Over the course of the first two sets, Tsonga always seemed to be serving; and every time you turned around, he was facing another break point. At one stage late in the second set, Jo had served 68 points, while Federer had served exactly half that many at 34. The pattern was the same throughout: Federer would come up with something brilliant—a topspin lob winner, a flick backhand pass, a strong forehand down the line—to reach break point, and then Tsonga would wipe it away.

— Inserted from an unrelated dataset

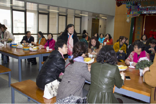 活动最后科学家们在学研中心垂花门大厅茶话交流,观看菊花科普视频并合影留念。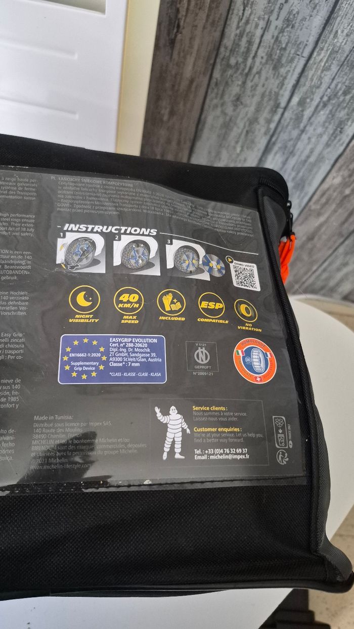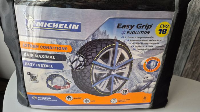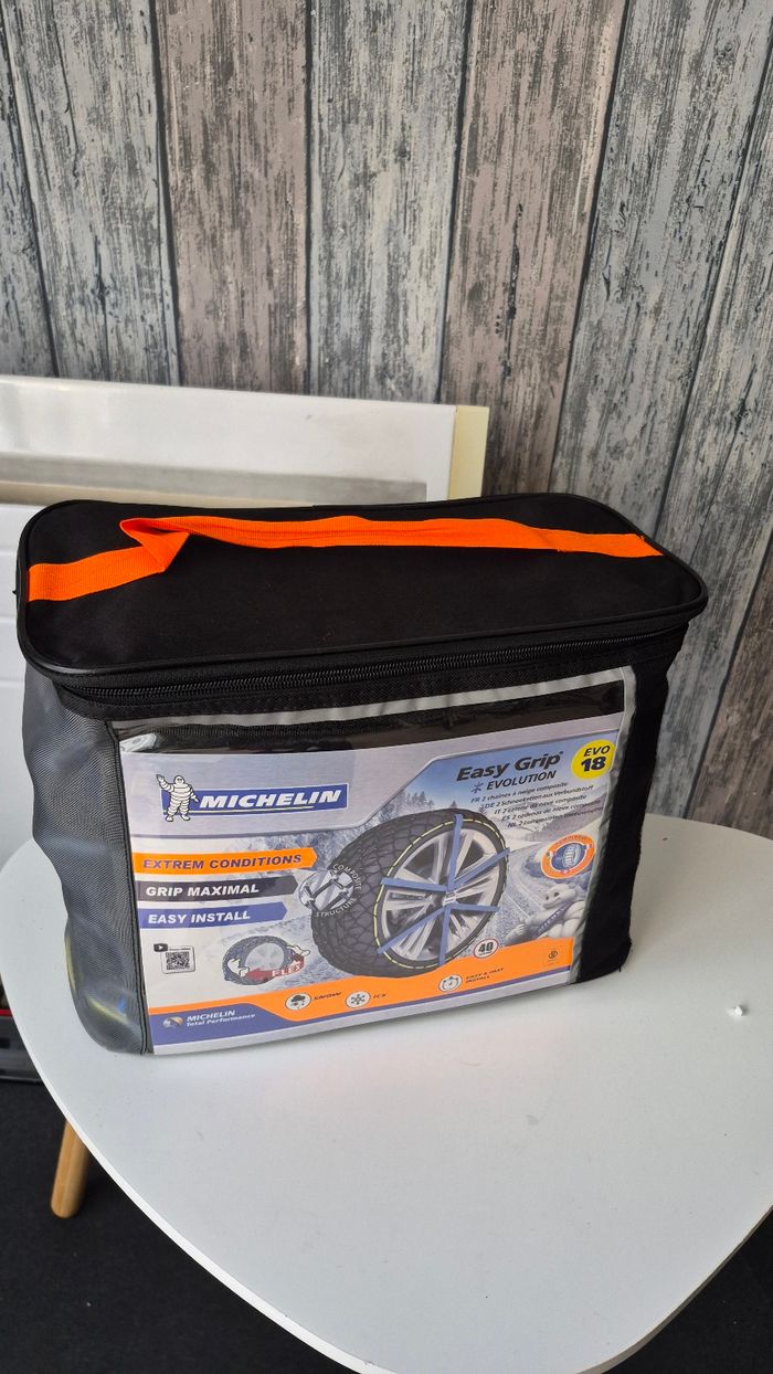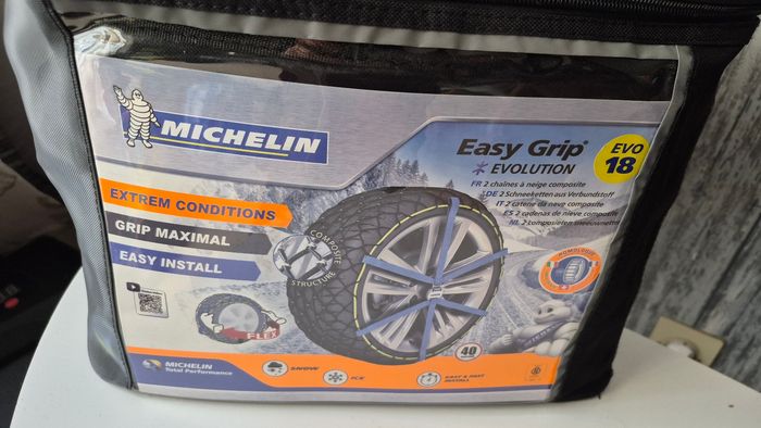Chaînes neige MICHELIN Easy Grip Evolution EVO 18 – Très bon état ❄️🚗 Chaînes neige MICHELIN Easy Grip Evolution EVO 18, idéales pour une conduite sécurisée en conditions hivernales. Conçues pour offrir une adhérence maximale sur neige et verglas, avec une installation rapide et facile. Caractéristiques : Marque : Michelin Modèle : Easy Grip Evolution – EVO 18 Très bon état Excellente tenue de route Montage simple et rapide Compatibles ESP / ABS Vitesse maximale : 40 km/h Livrées dans leur sac de transport d’origine Parfaites pour rouler en toute sérénité en hiver ❄️

Federer’s break points turned into a chess match, as Jo came up with different ways to survive them. He used his wide kick serve to draw short returns from Federer, and when that became predictable, he sent a surprise bomb down the T. Between them, the two players found a seemingly infinite variety of ways to keep Federer from breaking. Federer flipped a short backhand into the net. He shanked a backhand pass wide. He chose the wrong direction with an easy forehand pass. Jo knocked off a down-the-line forehand. He rifled a service winner. He wedged an inside-in forehand approach into the corner on one point, then wedged one inside-out on the next. Early in the second set, after Federer knifed a slow second-serve return into the bottom of the net, he shook his head and smiled sarcastically. Two games later, he bashed a ball out of the stadium and received a rare warning from the chair umpire.

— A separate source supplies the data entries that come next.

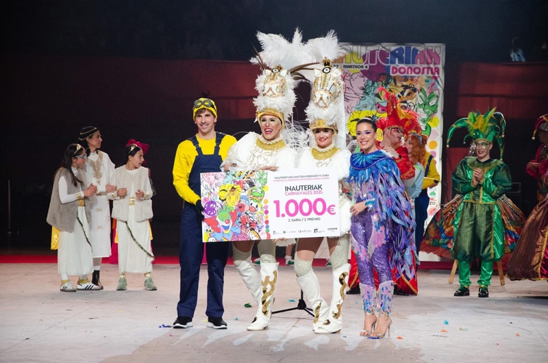 Nuestra alegría llega en Illumbe cuando nos otorgan el 2º premio a mejor diseño de vestuario y en la cena de entrega de premios por 5 años consecutivos y 9 años en nuestra trayectoria con el GRAN PREMIO AL CARNVAL DONOSTIARRA. Un año más volvemos a subirnos a la nube del reconocimiento y la valoración al esfuerzo, creatividad y la imaginación.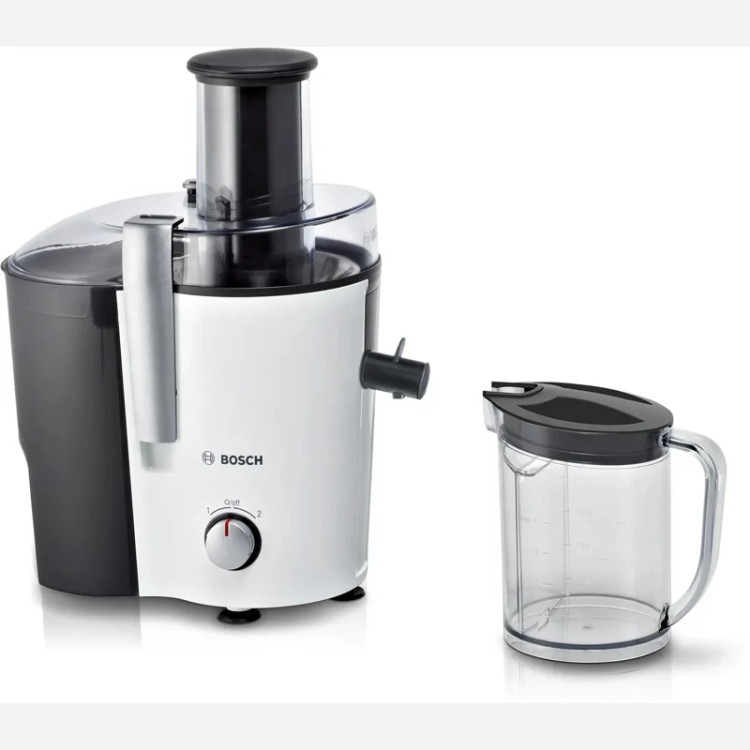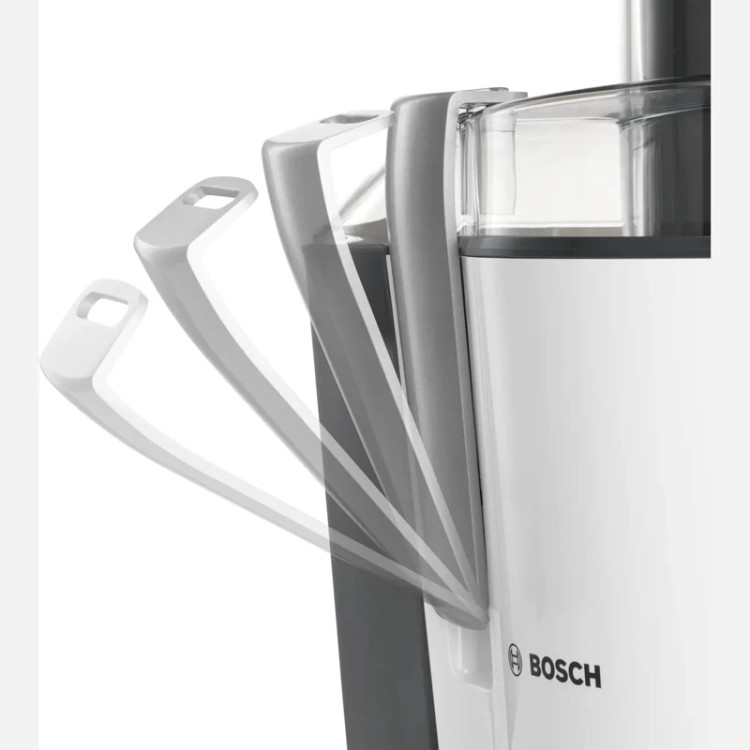 آبمیوهگیری بوش مدل «MES25A0» یکی از آبمیوهگیریهای تککاره موجود در بازار است. این دستگاه از بدنهای از جنس پلاستیک بادوام ساخته شده و استحکام خوبی دربرابر ضربه دارد. قسمت ورودی میوهها در بخش بالایی دستگاه واقع شده است که با قطر زیادی که دارد، میتواند بهآسانی قطعات بزرگ میوه را از خود عبور دهد. این ویژگی کار با دستگاه را آسانتر کرده و به آن سرعت بخشیده است. مخزن آبمیوهگیری در این محصول بوش مندرج بوده و 1.25 لیتر ظرفیت دارد.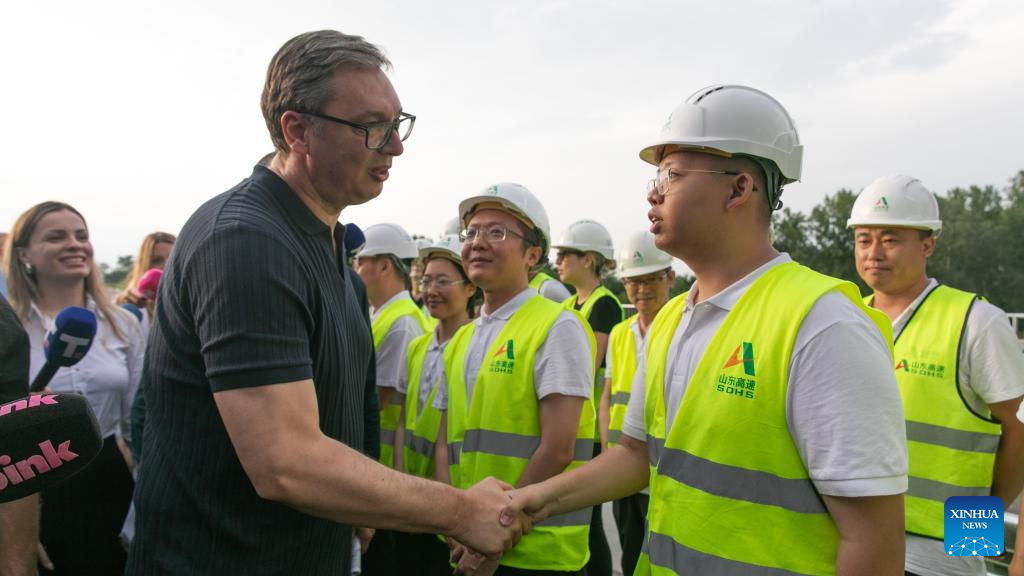 GOLUBAC, Serbia, July 27 (Xinhua) -- Serbian President Aleksandar Vucic on Saturday commended Chinese construction teams during his inspection of the Danube Corridor expressway, highlighting the rapid progress of the key infrastructure project being built by a Chinese company in eastern Serbia.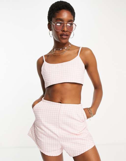 ASOS DESIGN - Denimbralette i lyserøde gingham-tern - Del af sæt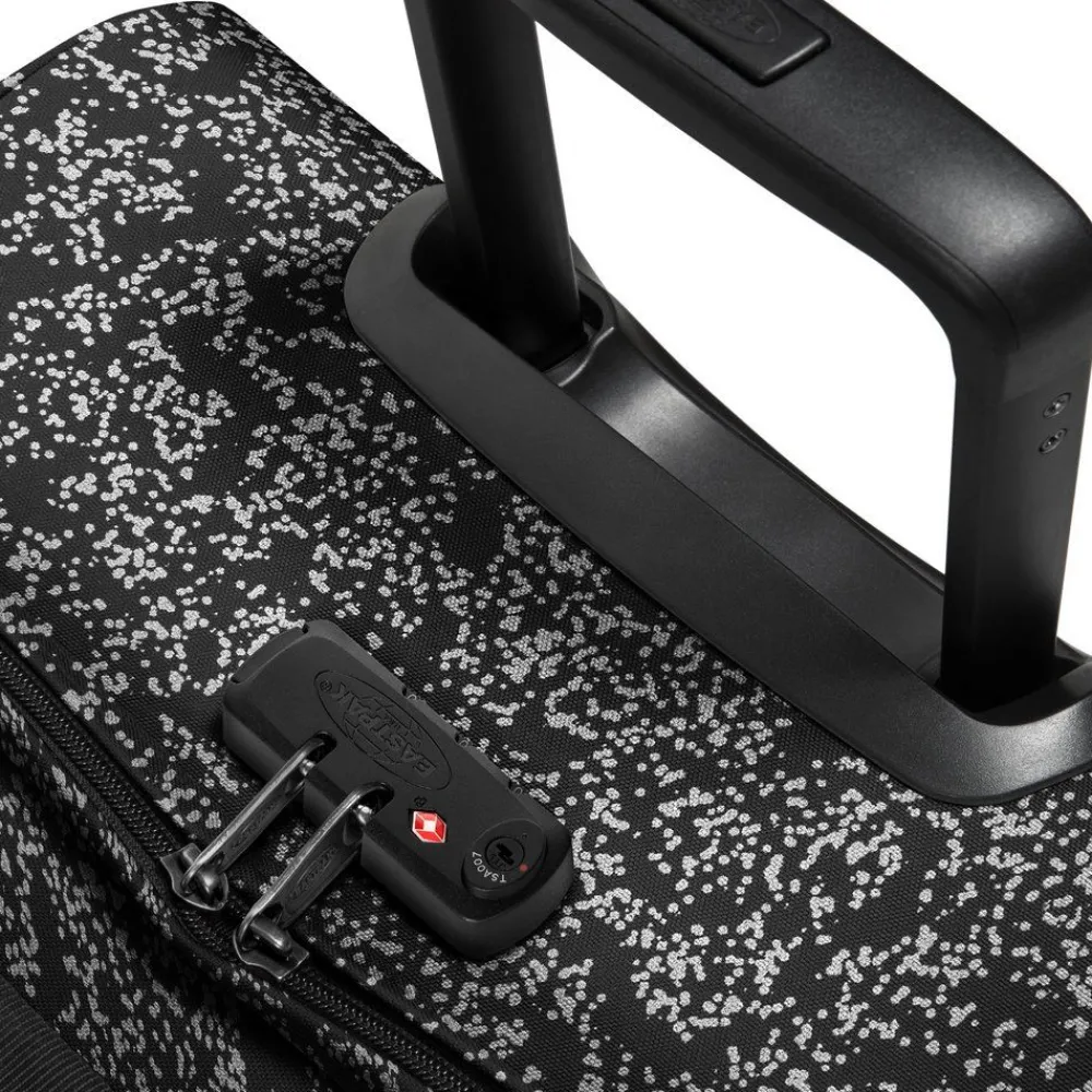 Trolley Eastpak Tranverz S Authentic Collection, bagaglio a mano aereo. Realizzato in robusto Poliestere con asta di traino telescopica a scomparsa con push botton, doppio comparto separato, tasca frontale con zip, ruote integrate e piedi inferiori rigidi, chiusura a tripla combinazione con TSA per gli Stati Uniti. Le cinghie di compressione laterali regolabili consentono di bloccare il contenuto anche a mezzo carico. Garanzia 30 anni.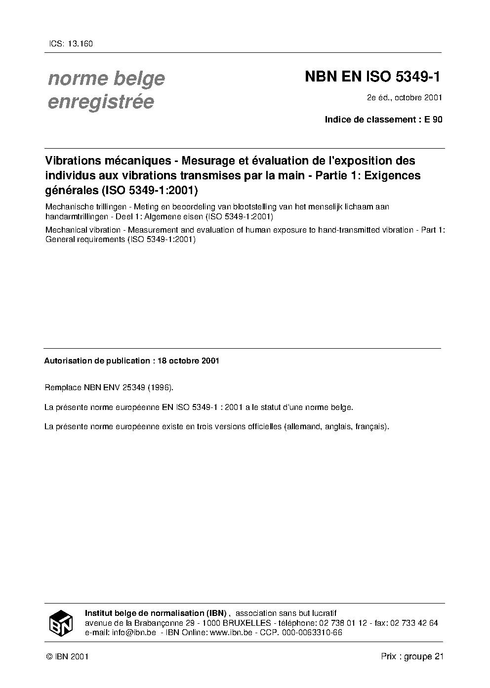 NBN EN ISO 5349-1:2001

The odd thing was that while Tsonga spent the match perpetually teetering on the brink, he very nearly won it in straight sets. Up 6-2, 3-2, Jo reached break point on Federer’s serve. But he backed up on a backhand and put it in the net. Twenty minutes later, after saving three more break points, Tsonga went up 0-30 on Federer’s serve at 5-6—two more points and it was over. At 0-30, Jo took a big cut at a forehand and landed it near the baseline, but Federer was there to reflex it back on the short hop; Tsonga’s next forehand went astray. At 15-30, Federer shanked a forehand that dropped inside the baseline, and clipped the net cord with another forehand, before winning the point, and eventually the game.
Finally, in the second-set tiebreaker, Tsonga saved three set points from 3-6 down, only to pull the trigger too early at 6-6 and fire a forehand into the net. When Federer won the next point, and the set, with a forehand volley, the crowd stood. Jo, understandably, slumped.
From there, it felt like it was only a matter of time before Federer broke through and Tsonga broke down. It happened quickly, in Jo’s second service game. He managed to save break points number 14 and 15, but not number 16—a forcing inside-out forehand approach from Federer made sure of that. Tsonga threw up a backhand lob that landed long. He might as well have been throwing up a white flag.
Aggressive but erratic, Federer hit 40 winners, made 45 errors, and was 21 of 28 at the net. His excellence in tiebreakers saved him from his dismal break-point percentage. He got angry, but he never went away. Persistence, rather than prettiness, pulled Federer through today.